Loud and clear on urban deer

CRD gets big response to call for residents' input on growing issue

It’s been about three months since the Capital Regional District asked people for their opinions on the growing deer population on the South Island, and the response has been as wide-ranging as the animals themselves.

Amidst a growing number of complaints over the animals’ encroachment into urban areas, the CRD established an email account in August to solicit feedback from residents, with an eye toward creating a comprehensive deer management plan for the region.

Oak Bay Coun. John Herbert has been one of the most vocal proponents of a regional strategy. While he’s glad the CRD appears to be taking the issue seriously, he would like to see some action soon.
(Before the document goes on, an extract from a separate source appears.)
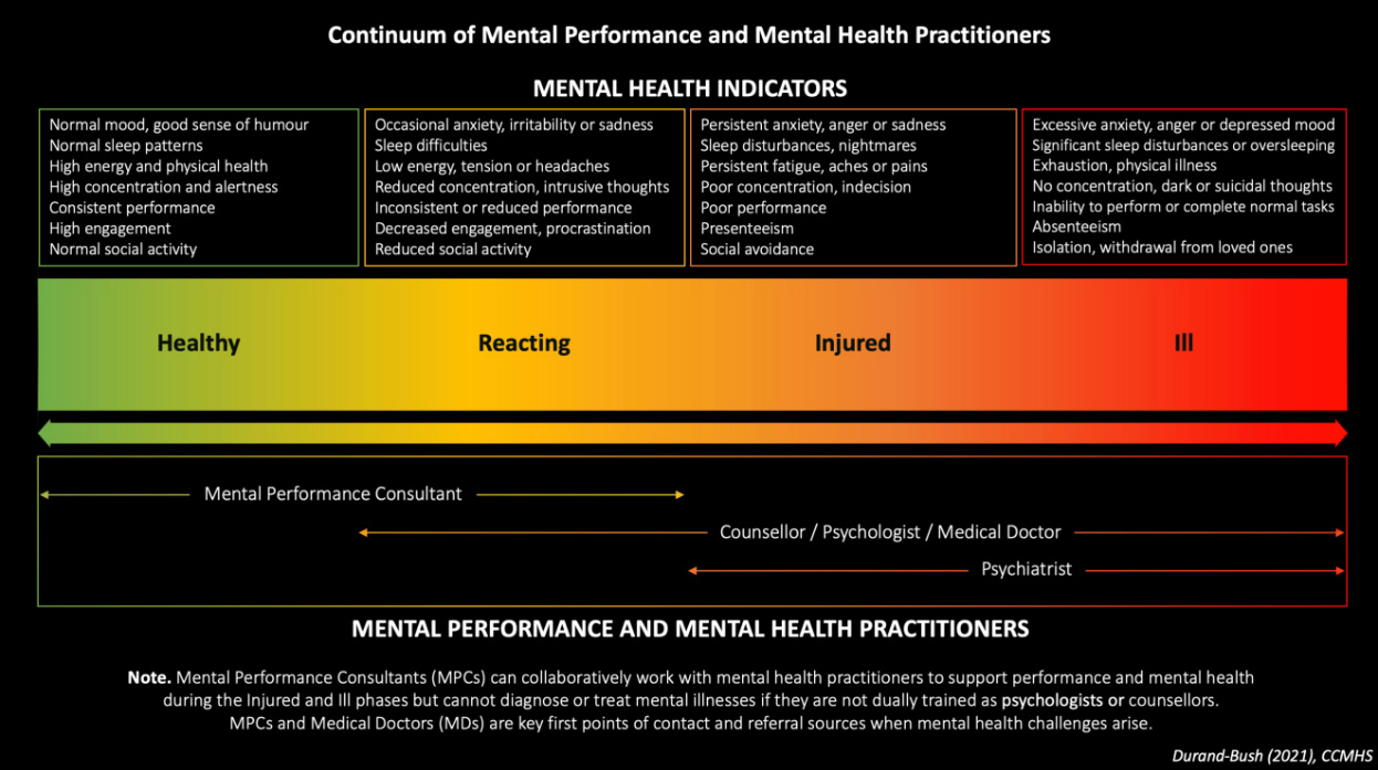 Services may include a Mental Performance Consultant (MPC), Registered Counsellor or Psychotherapist, or Licensed Clinical Psychologist. Recommendations should be made according to the severity of the symptoms of the athlete. See figure 1 below for help selecting an appropriate service for the athlete.

“I’m glad to see they’ve gotten started, but I think it’s moved slower than it needed to,” he said.

To date, the CRD has received nearly 400 submissions from across Greater Victoria. Although the rate has slowed considerably since the email address was first published in the News, the number continues to grow.

Though some respondents did not specify where they live, more than half of those who did are from either Oak Bay or Saanich. But feedback came from all over the Capital Region, with at least nine of the 13 CRD member municipalities represented.

“I consider the presence of deer in a very urban area to be inappropriate,” wrote Lorna Harris of Oak Bay. “With no predators, this problem is going to increase and become harder to resolve.”

Saanich’s Chris Ball agrees. “We are very much animal lovers and realize that the deer have nowhere to go, but something must be done about the large population before someone gets killed,” she wrote.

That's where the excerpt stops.